Implantable Cardiac Pulse Generators: Pacemakers and Cardioverter-Defibrillators


  • Identify the type of cardiovascular implantable electronic device (CIED) (pacemaker, transvenous defibrillator, subcutaneous defibrillator), as well as the generator manufacturer and model of the CIED.

  • Contact the physician or clinic managing the patient’s CIED in the preoperative period to obtain appropriate records and a perioperative recommendation (Heart Rhythm Society [HRS]).

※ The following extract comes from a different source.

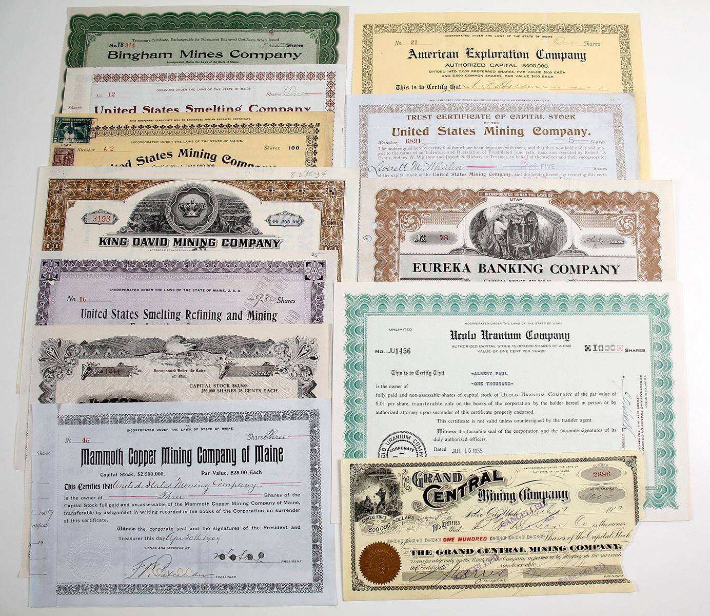 Approximately 14 mining stock certificates from Utah mining operations including Bingham Mines Company, King David Mining Co., Victoria Mining Co., and more. Date: 1899-1955 Location: Utah HWAC# 64037

  • Obtain a copy of this interrogation and the perioperative recommendation from the CIED physician (HRS). Ensure that the implantable cardioverter-defibrillator (ICD) treatment settings are appropriate and that the CIED will pace the heart.

  • Consider replacing any CIED near its elective replacement period in a patient scheduled to undergo either a major surgical procedure or a surgical procedure where monopolar electrosurgery will be used within 15 cm of the generator.

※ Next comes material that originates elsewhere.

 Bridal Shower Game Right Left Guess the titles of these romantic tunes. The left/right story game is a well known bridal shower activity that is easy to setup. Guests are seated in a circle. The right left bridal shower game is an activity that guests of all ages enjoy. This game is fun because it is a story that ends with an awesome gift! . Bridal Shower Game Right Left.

  • Determine the patient’s underlying rate and rhythm to determine the need for backup (external) pacing support.

  • Ensure that all magnet behavior (pacing, suspension of shock therapy) is appropriate if magnet use is planned.

  • Program minute ventilation rate responsiveness “off,” if present.

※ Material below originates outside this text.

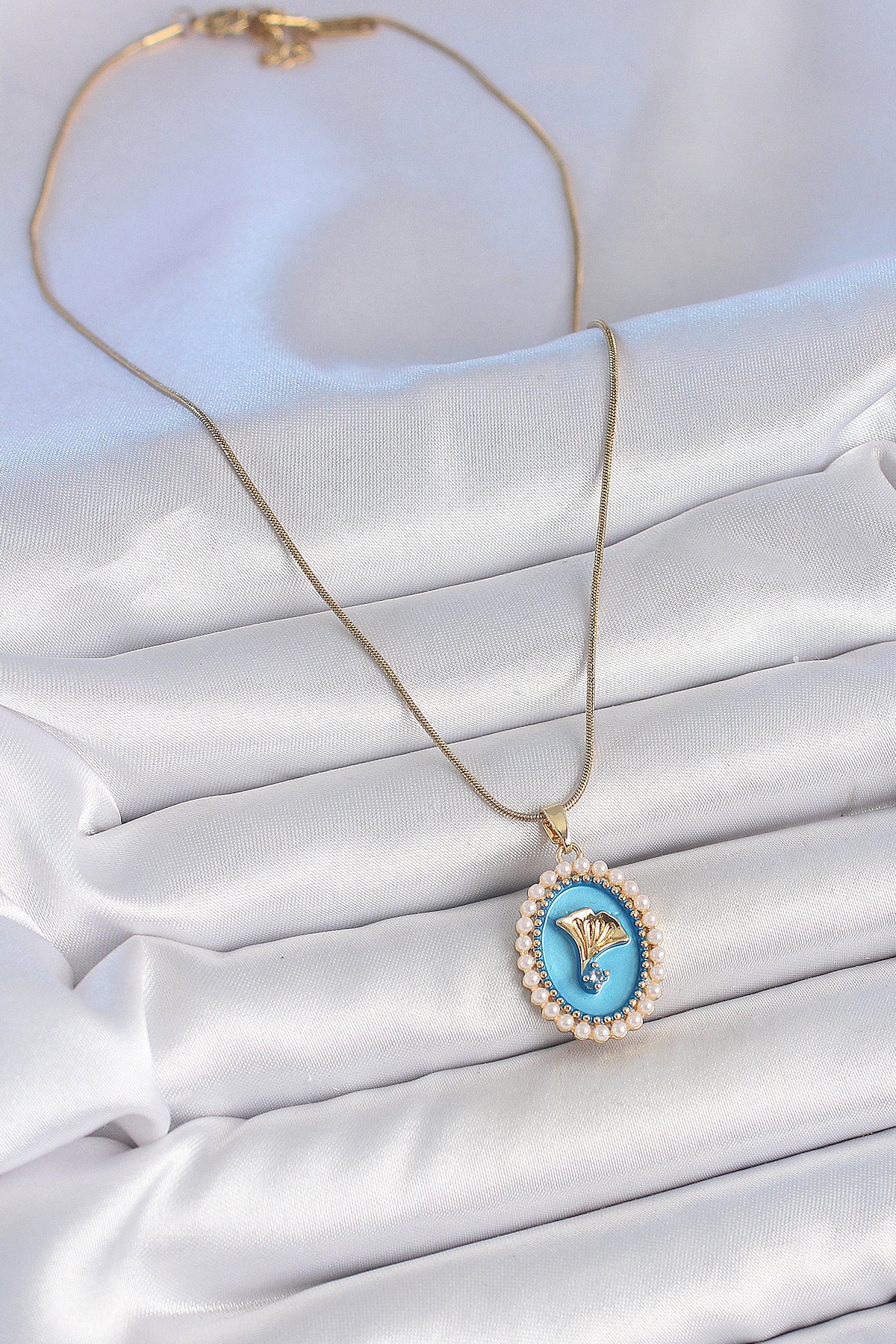 BKO10196 - 316L Çelik Gold Renk Zincir Mavi Mineli İncili Zirkon Taşlı Çiçek İşlemeli Portre Model Kadın Kolye

  • Consider disabling all rate enhancements to prevent misinterpretation of cardiac rhythm.

  • Consider increasing the lower rate limit to provide optimal oxygen delivery for major procedures.

  • If electromagnetic interference is likely, (1) disable antitachycardia therapy if a defibrillator is present and (2) consider asynchronous pacing for some pacing-dependent patients. Magnet application may be acceptable for some ICDs (disable antitachycardia therapy) or pacemakers (provide asynchronous pacing). Asynchronous pacing from an ICD always requires reprogramming.

  • Monitor cardiac rhythm with the pulse oximeter (plethysmography) or arterial waveform analysis.

  • Use a bipolar electrosurgical unit (ESU), if possible; if not possible, then pure “cut” electrosurgery is better than “blend” or “coag,” and ESU should be applied in short bursts (<4 seconds) separated by at least 2 seconds.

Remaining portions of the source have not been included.